The
failure to repeal and replace the Affordable Care Act (ACA, aka
Obamacare) has been covered--gleefully---as a defeat for President Trump, House leadership, and Republican governance in general, but the outcome was foreseeable. There were too many disputes about what should be in the "replace" portion of the bill, and, frankly, the one-sidedness of media coverage made the mountain too high for politicians with an eye on 2018.
No, this is not another leftwing-media-are-biased post because the Republicans must shoulder the principal blame, but, dear reader, what do you remember most about the original coverage of the debate in 2009 and 2010? It was individual, heartbreaking stories about people who couldn't get coverage and who went bankrupt trying to care for a loved one.
The result was a government health care system that is inefficient, didn't drive down costs, didn't achieve universal coverage, didn't allow patients to keep their doctors, and had numerous other flaws. Yet while the Republicans debated this month, what were the media stories about? It was individual, heartbreaking stories about people who may lose their coverage and may go bankrupt if Obamacare were repealed.
One doesn't go changing a system where hundreds of billions of dollars are spent without some good, innocent people being harmed. In 2017 we would have been treated to stories about people who lost due to Obamacare's repeal. The difference was that in 2013 we didn't hear about people who
lost their doctor and/or their insurance plan because of Obamacare. Unfair, but that's the media landscape.
President Trump is viewing this week's event as a setback, while others are making it seem as his Waterloo. I'm inclined to think it is a setback that he should be grateful for.
Peggy Noonan: [bold added]
Fatal? No. Damaging and diminishing? Yes. It is an embarrassment too for Speaker Paul Ryan...
Seven years ago, when ObamaCare was on its way to passing with not a single Republican vote, I called it a catastrophic victory. It wouldn’t work; the government would not be able to execute; it was a Rube Goldberg machine. It was a bill created not by visionaries or political masters but by technocrats—and the worst kind of technocrat, the one who sees himself as a secret visionary. On top of that the Democrats would always own it, and when the program failed, Republicans would have no motivation to help them save it.

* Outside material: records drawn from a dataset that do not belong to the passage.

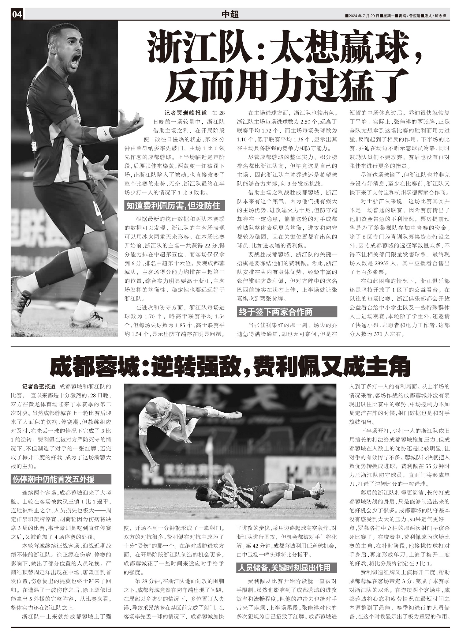 成都蓉城和浙江队的比赛,一直以来都是十分激烈的。28日晚,双方在黄龙体育场迎来了本赛季的第二次对决。...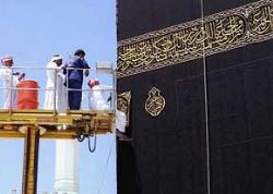 پرده جديد كعبه برابر با نهم ذيحجه به افق عربستان پس از شستشوی كعبه با گلاب ناب كاشان، بر بنای كعبه نصب می شود.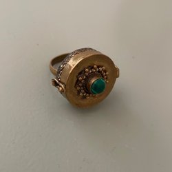 Guldig vacker ring med grön sten
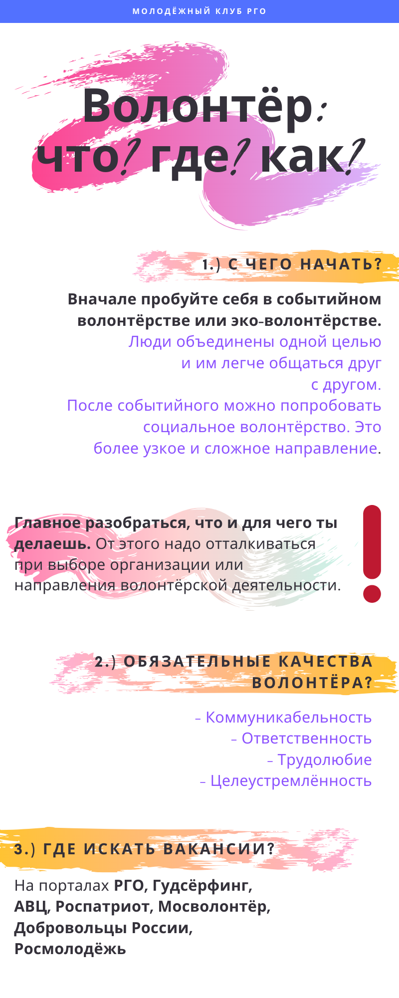 Но как же становятся волонтёрами? Мы поговорили с добровольцами, которые участвовали в наших проектах и имеют немалый опыт волонтёрской деятельности, и на основе их советов сделали подборку полезных лайфхаков для новичков.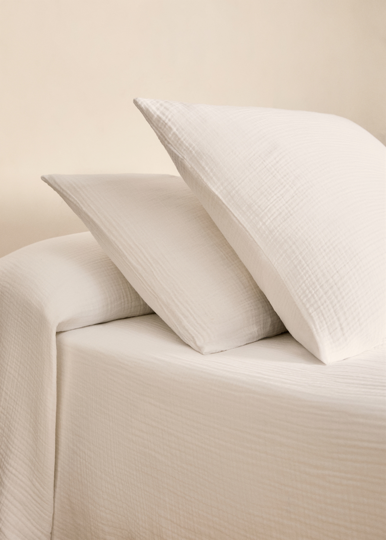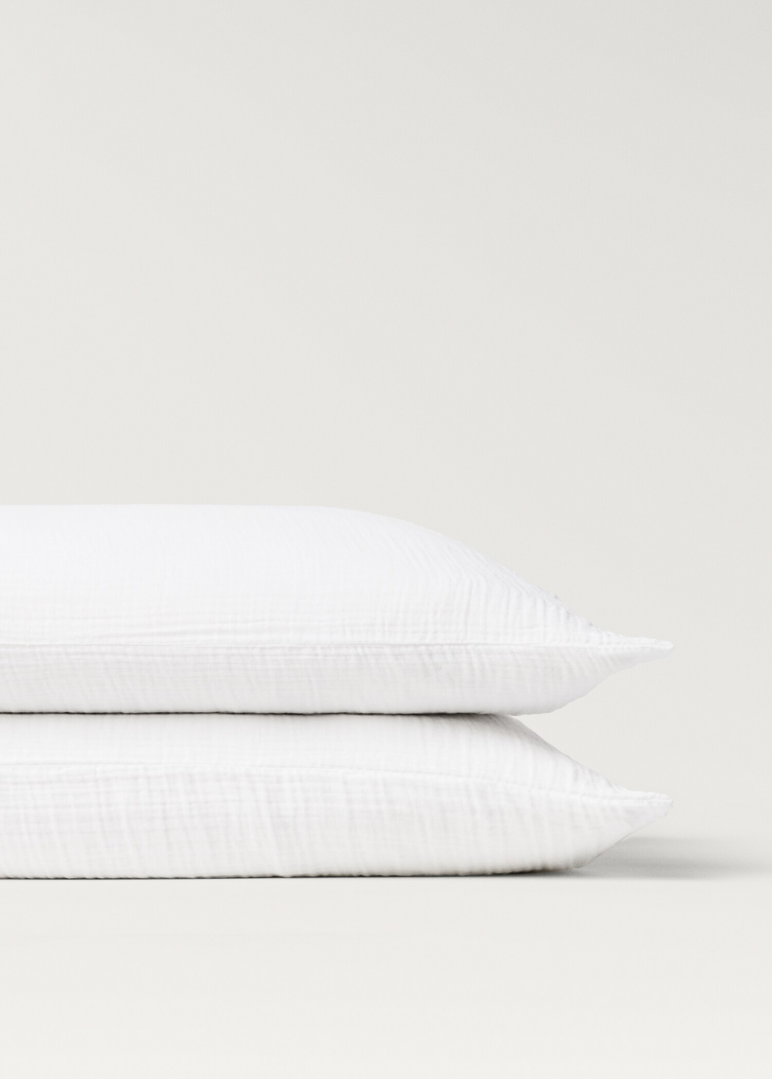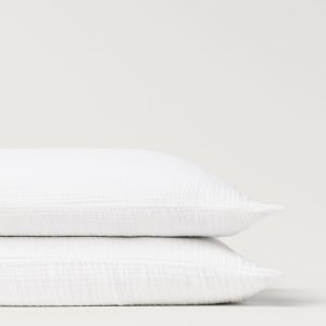 100% cotton fabric. 250 threads. Size: 50x75cm. Chiffon fabric. Three-layer muslin. Pleasant texture. Soft texture. Quick-dry fabric. Wrinkled and natural finishing. Available in various colors. Pair it with more items. No closure. Does not include insert. Pack of 2. Combine matching pillowcases in three available sizes

That is what RyanCare or TrumpCare would have been if it had passed: a catastrophic victory. No Democratic support, an opaque and impossible-to-understand bill, one that is complex and complicated, one that would be unpopular back home. And created by technocrats who think themselves visionaries.
Dilbert cartoonist
Scott Adams has a different take on why this is really good news for Donald Trump [bold]:
In the 2D world, where everything is just the way it looks, and people are rational, Trump and Ryan failed to improve healthcare. But in the 3D world of persuasion, Trump just had one of the best days any president ever had: He got promoted from Hitler to incompetent. And that promotion effectively defused the Hitler-hallucination bomb that was engineered by the Clinton campaign.
It's much more advantageous for people to think you are incompetent instead of one of the most evil persons in history. Not only are opponents willing to talk to you, they
want to talk because they can take advantage of you. The Trump turnaround begins today.